*** Data for the task Section Begins ***
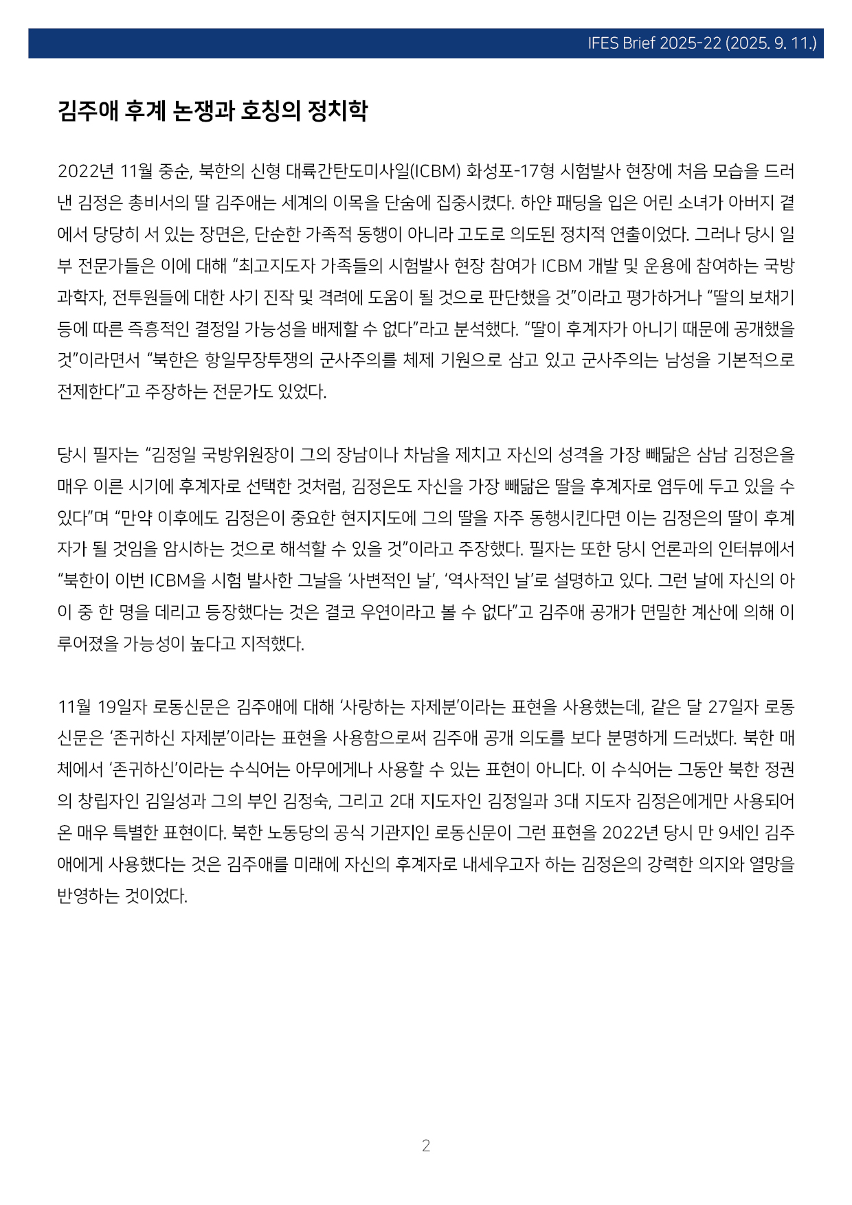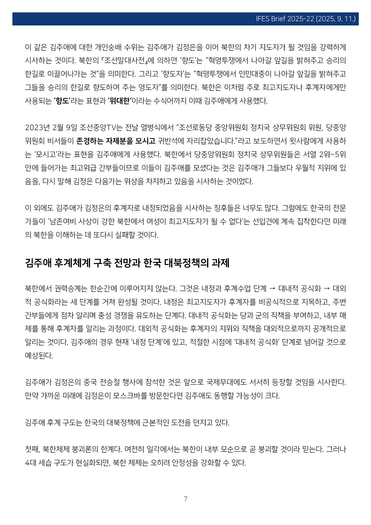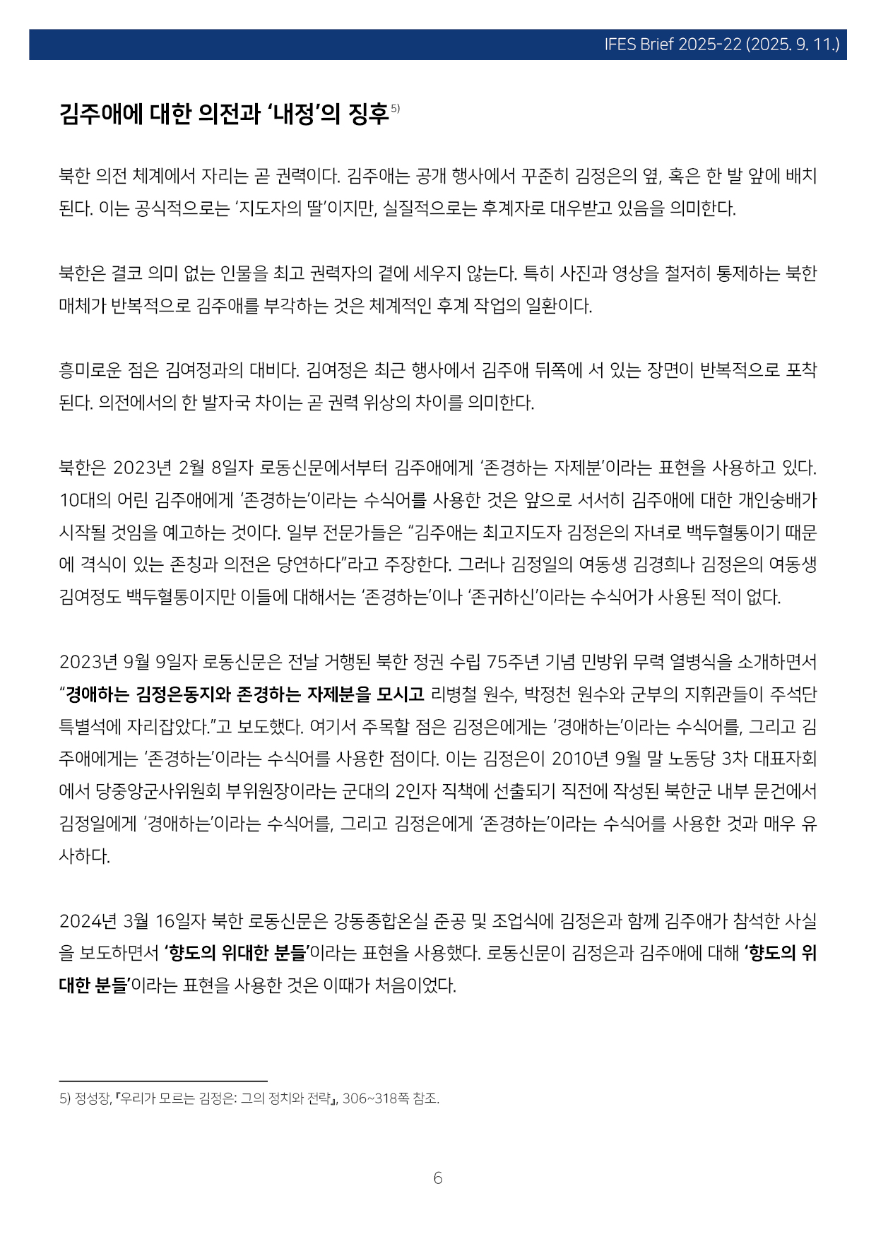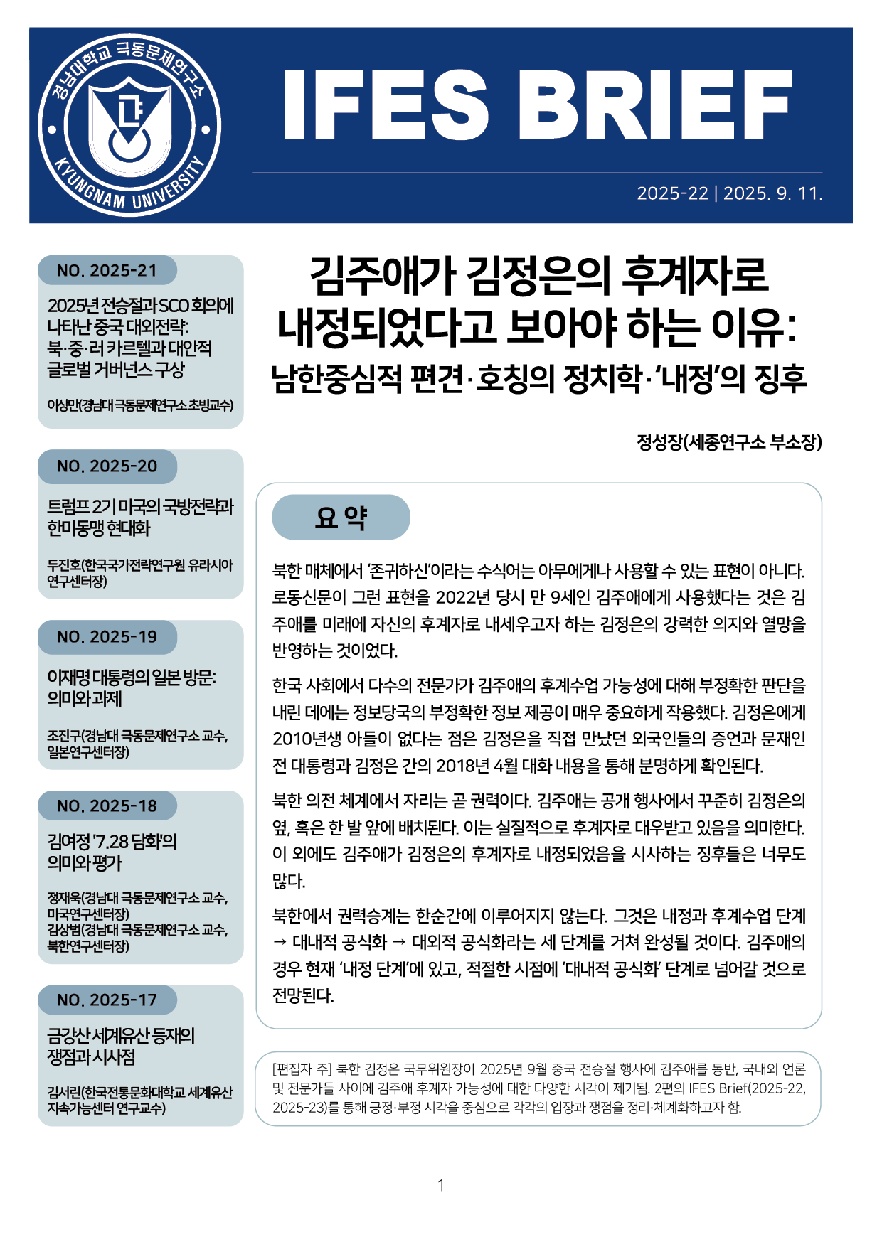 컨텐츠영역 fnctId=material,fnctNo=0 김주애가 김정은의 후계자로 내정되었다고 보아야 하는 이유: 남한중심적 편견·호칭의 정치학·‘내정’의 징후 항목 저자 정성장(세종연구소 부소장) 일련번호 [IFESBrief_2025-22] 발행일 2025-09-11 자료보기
*** Data for the task Section Ends ***
*** Data for the task Section Begins ***
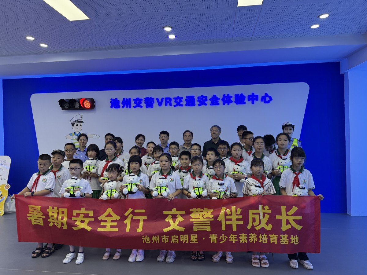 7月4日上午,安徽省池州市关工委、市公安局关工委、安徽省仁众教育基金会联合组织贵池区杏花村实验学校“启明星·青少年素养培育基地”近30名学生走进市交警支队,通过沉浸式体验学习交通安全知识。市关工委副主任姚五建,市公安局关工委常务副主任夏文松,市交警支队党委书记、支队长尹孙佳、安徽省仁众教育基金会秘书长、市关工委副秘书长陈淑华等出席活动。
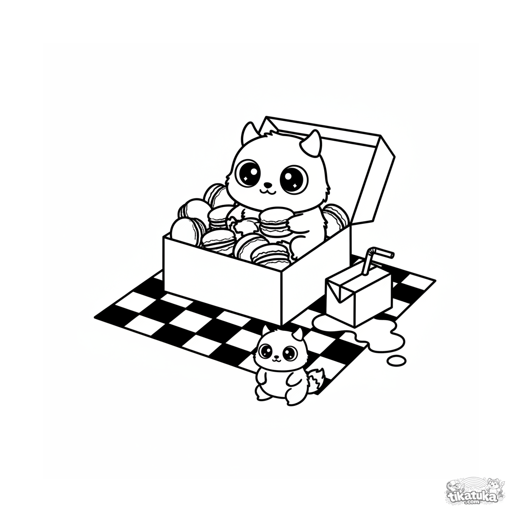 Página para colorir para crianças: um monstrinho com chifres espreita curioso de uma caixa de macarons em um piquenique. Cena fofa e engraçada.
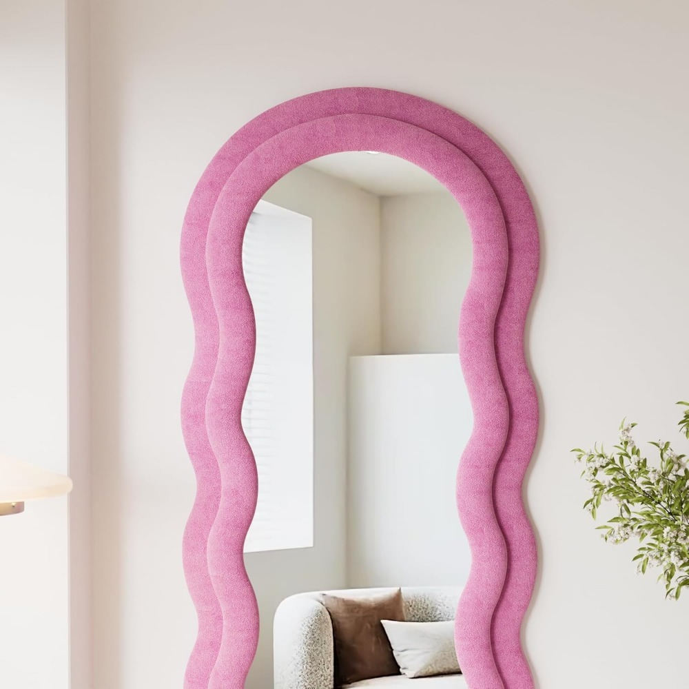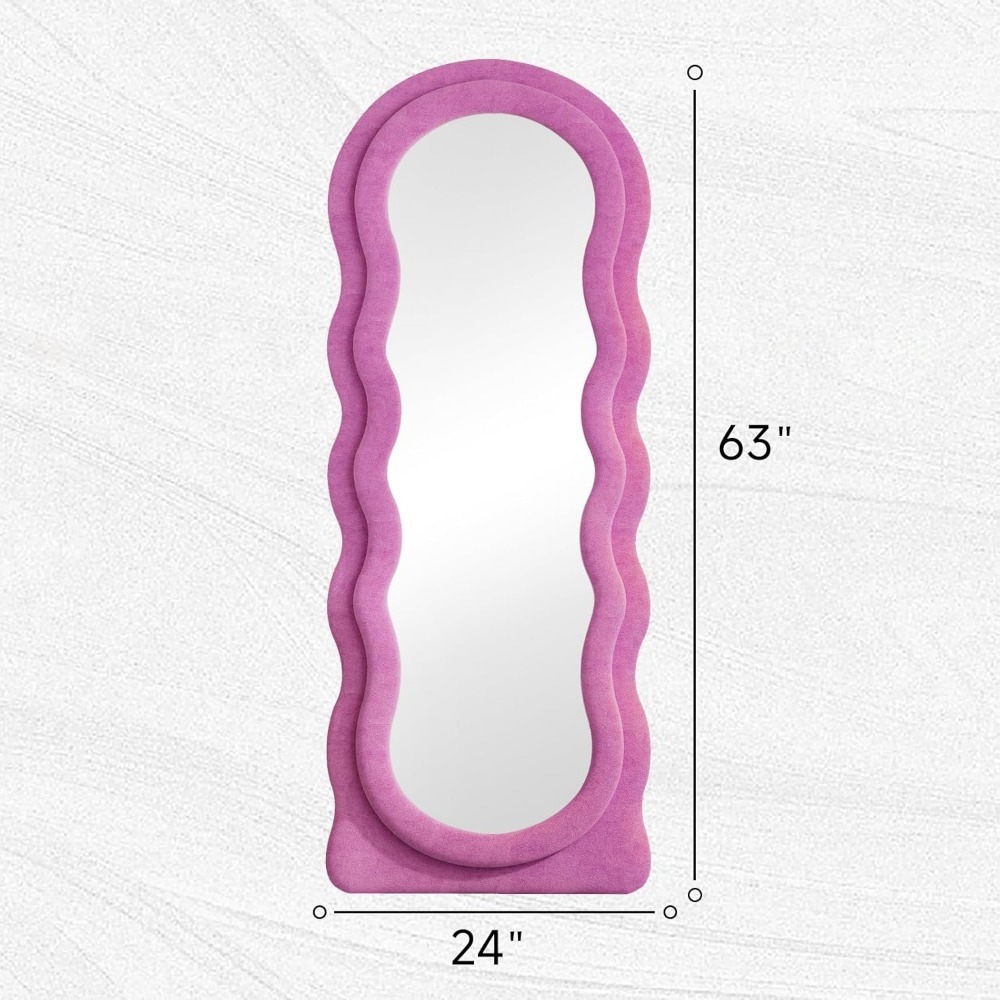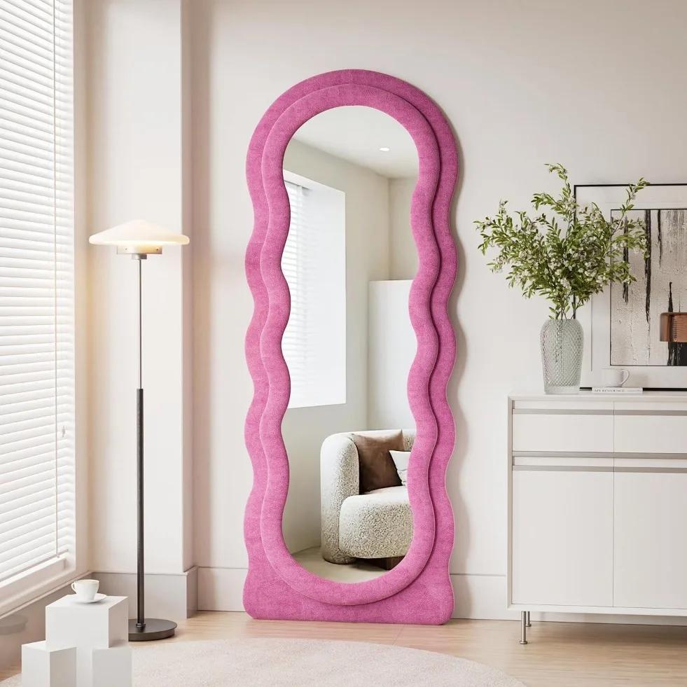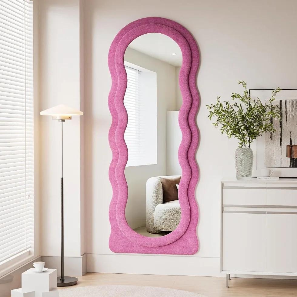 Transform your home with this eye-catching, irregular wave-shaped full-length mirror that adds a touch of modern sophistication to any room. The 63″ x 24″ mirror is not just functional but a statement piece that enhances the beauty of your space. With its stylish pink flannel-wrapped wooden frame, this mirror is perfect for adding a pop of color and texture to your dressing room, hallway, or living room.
*** Data for the task Section Ends ***
Directions:
Using the data above, retype exactly the lines from the line with "Página para colorir" to the line with "Transform your home", inclusive. No pictures and nothing else.

Solution for this exercise:
 Página para colorir para crianças: um monstrinho com chifres espreita curioso de uma caixa de macarons em um piquenique. Cena fofa e engraçada.
 Transform your home with this eye-catching, irregular wave-shaped full-length mirror that adds a touch of modern sophistication to any room. The 63″ x 24″ mirror is not just functional but a statement piece that enhances the beauty of your space. With its stylish pink flannel-wrapped wooden frame, this mirror is perfect for adding a pop of color and texture to your dressing room, hallway, or living room.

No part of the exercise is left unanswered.